- Born: Rasaq Malik Gbolahan 1992 (age 33–34) Iseyin, Oyo State, Nigeria
- Education: University of Ibadan;
- Writing career
- Language: English, Yoruba
- Genres: Poetry; Essay;

= Rasaq Malik =

Nigerian poet and essayist

Rasaq Malik Gbolahan (born on December 30,1992) is a Nigerian poet and essayist. He is the author of several poetry collections including "The Origin of Wounds," "No Home in This Land” and “The Other Names of Grief”. With Ọ̀rẹ́dọlá Ibrahim, Malik is the co-founder of Àtẹ́lẹwọ́, the first digital journal devoted to publishing works written in the Yorùbá language.

== Education ==
Malik earned his bachelor's and master's degrees in English Language at the University of Ibadan, Nigeria in 2013 and 2017, respectively.
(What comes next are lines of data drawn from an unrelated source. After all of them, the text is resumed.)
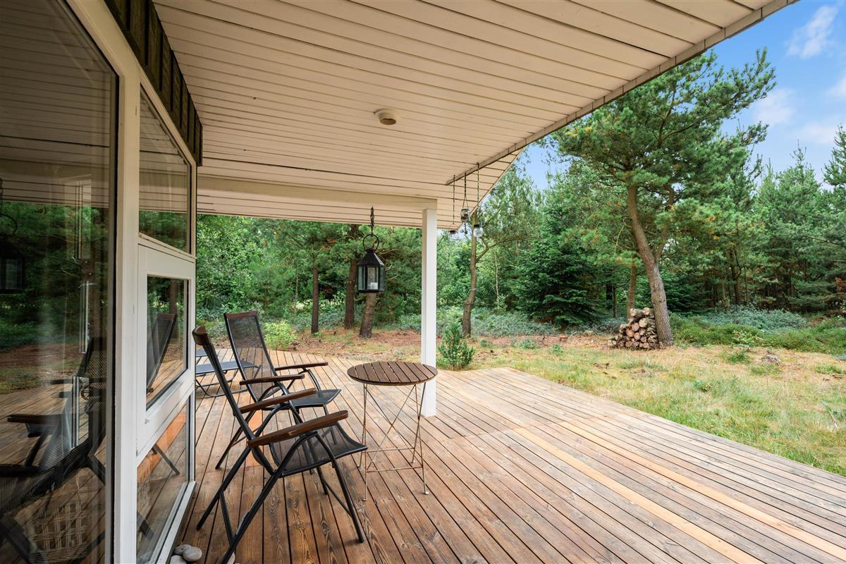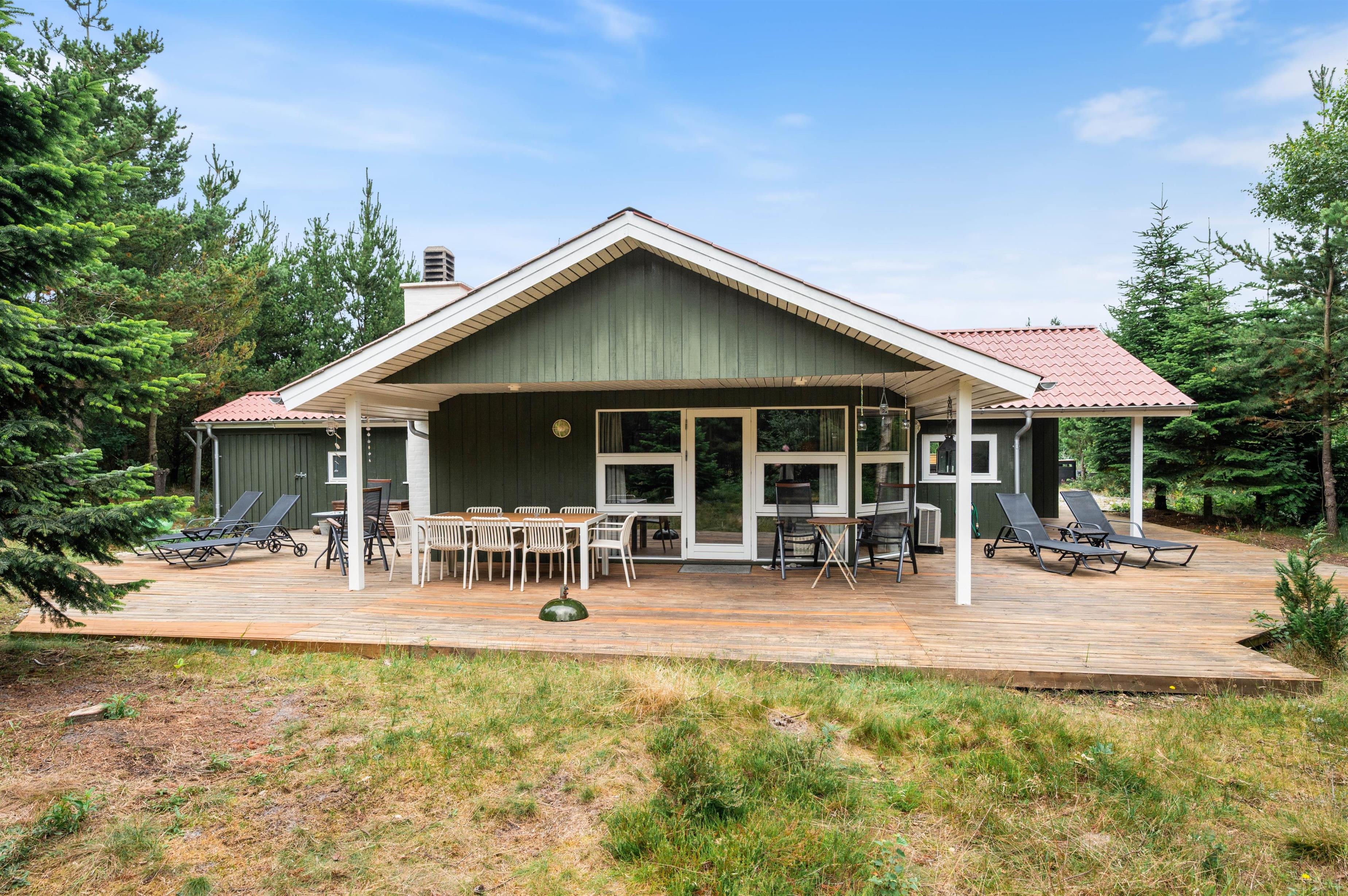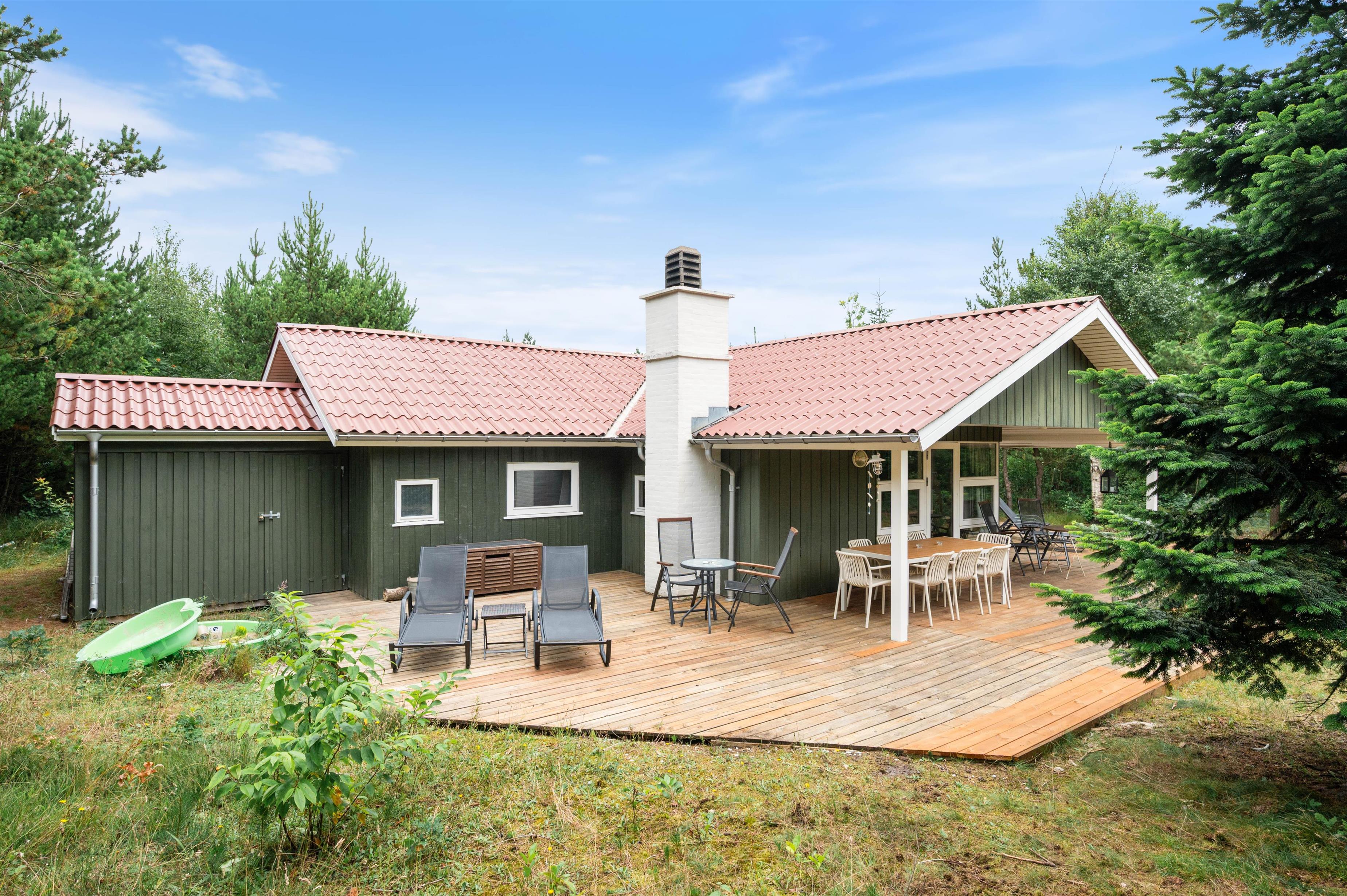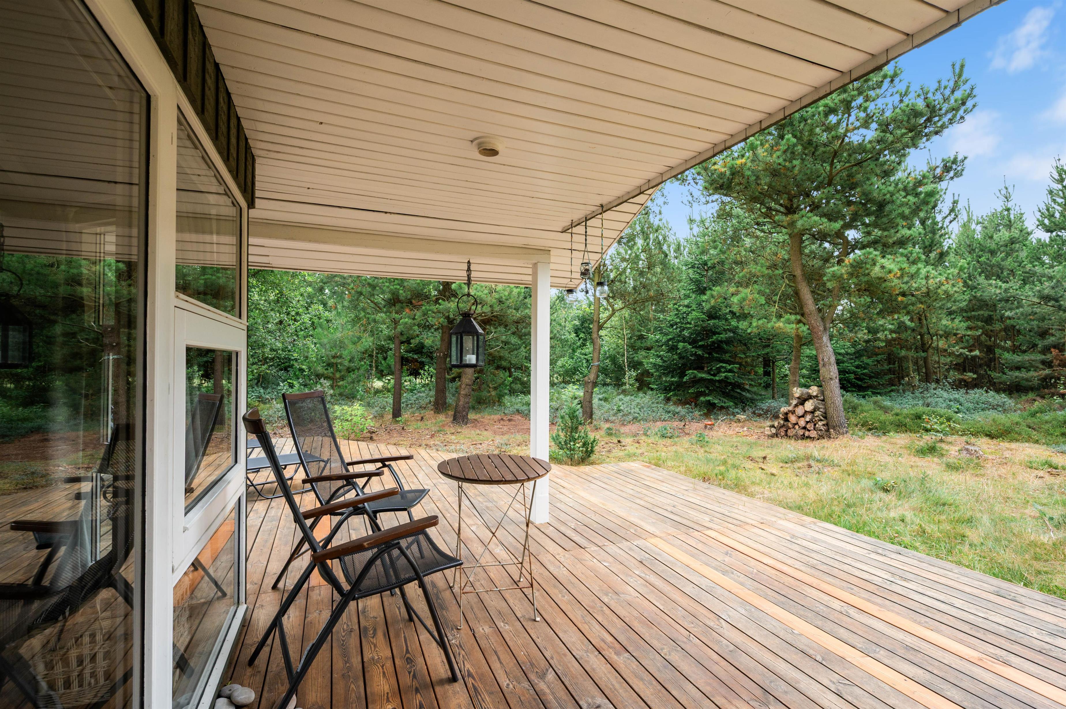 Start your perfect holiday morning with fresh rolls from the local supermarket and plan your day over breakfast on the generous wooden terrace. The partially covered terrace means you can enjoy the wonderful surroundings even on damp days. The house is surrounded by an idyllic natural garden - perfect for playing and running around with dogs and children.
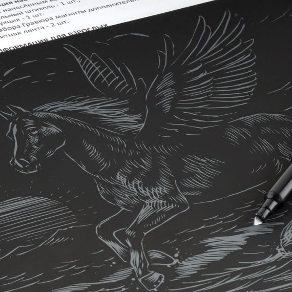 Техника выполнения гравюры достаточно проста и не представляет сложности для ребенка, ножом-штихелем нужно процарапать контур рисунка, нанесенный на лист-основу. Результатом работы будет чудесная гравюра с изображением мифической лошади Пегаса.
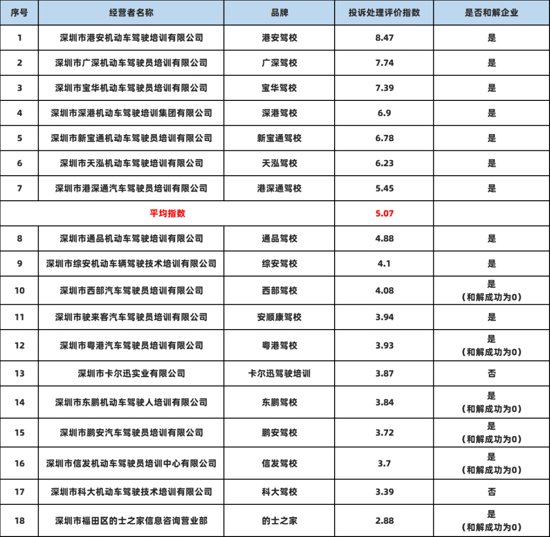 ● 深圳市消委会发布驾驶培训行业经营者投诉处理评价指数排行榜。

Malik is currently completing his doctoral study in literary and cultural studies in the Department of English at the University of Nebraska–Lincoln.

== Works ==
Malik is the author of two poetry chapbooks: No Home In This Land, which was selected for a chapbook box edited by Kwame Dawes and Chris Abani in 2018, and The Other Names of Grief, published in 2021 by Konya Shamsrumi, an African poetry press which he formed with four other Nigerian poets in November 2017.

His poems, which often come off as dirges, threnodies, elegies and such other melancholic typologies of poetry, have attracted wide reviews on different literary platforms, including Open Country Mag, Olongo Africa, and African Writer Magazine, Qwenu! and in national dailies for example Daily Trust, TheCable Lifestyle.

Malik's poems have appeared in many literary journals and mediums, including the African American Review, Colorado Review, the Crab Orchard Review, LitHub, the Michigan Quarterly Review, The Minnesota Review, the New Orleans Review, the Prairie Schooner, Poet Lore, Rattle, Verse Daily, among several others. His essays have also been published in mediums such as Olongo Africa and Agbowó.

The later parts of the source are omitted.